Its is not very difficult to learn the hook ups of what we do "A goes to B ,B goes to C" ETC. but what makes the difference is knowing why A goes to B or more importantly "how" A goes to B" i really feel we as an industry dont spend enough time with the nuts and bolts of signal types i would wager that fairly good portion of the posters on this site dont know the difference between RGB and component video. now dont get me wrong it will not come up in most situations but you never know when it will be a day saver.

Proggieus, I can't agree more. It has never ceased to amaze me how many people in this industry never dig past the surface of what they are doing. Sometimes "why?" is a very important question.

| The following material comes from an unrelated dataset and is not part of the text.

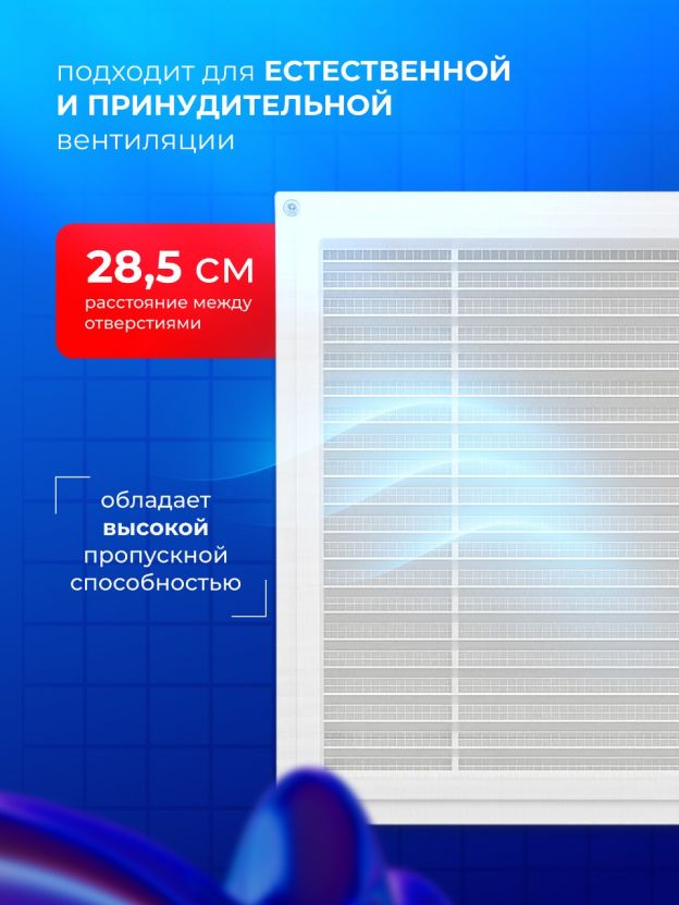 Решетка предназначена для декоративного оформления отверстий которые используются в качестве приточно-вытяжной вентиляции в любых помещениях. Изготовлена из качественного пластика.

Back on topic, this would be what introduces the concept of skew when using standard CAT5, CAT6, etc. in AV applications and why there is UTP that is specifically designed for AV use, such AV UTP by Extron, and Nano-skew by Belden. It is basically CAT5e, but with a standardization of the twist rate between pairs.

It also says right on it, "not recommended for data applications."

I've also kind of thought that that defeated the purpose of AV UTP distribution in the first place, beyond distance issues. The "promise" when the stuff first came out was that you could use one cable for everything or just spec a bunch of CAT5e runs to the tel/data contractor on a union job and just come in and put the widgets on each end, or as much as the AV manufacturers say (to quote George Feldstein at his last major speaking engagement) "I would prefer that AV dealers become IT dealers rather than the other way around." and to some extent believe it, they don't love the idea of lowering the barrier to entry by making all the cable types and terminations the same and using a standard that is the basis of a similar and much larger industry. The more UTP based products become available, the more IT, tel/data companies start entering the AV world, the more UTP based products get sold and so on and so on.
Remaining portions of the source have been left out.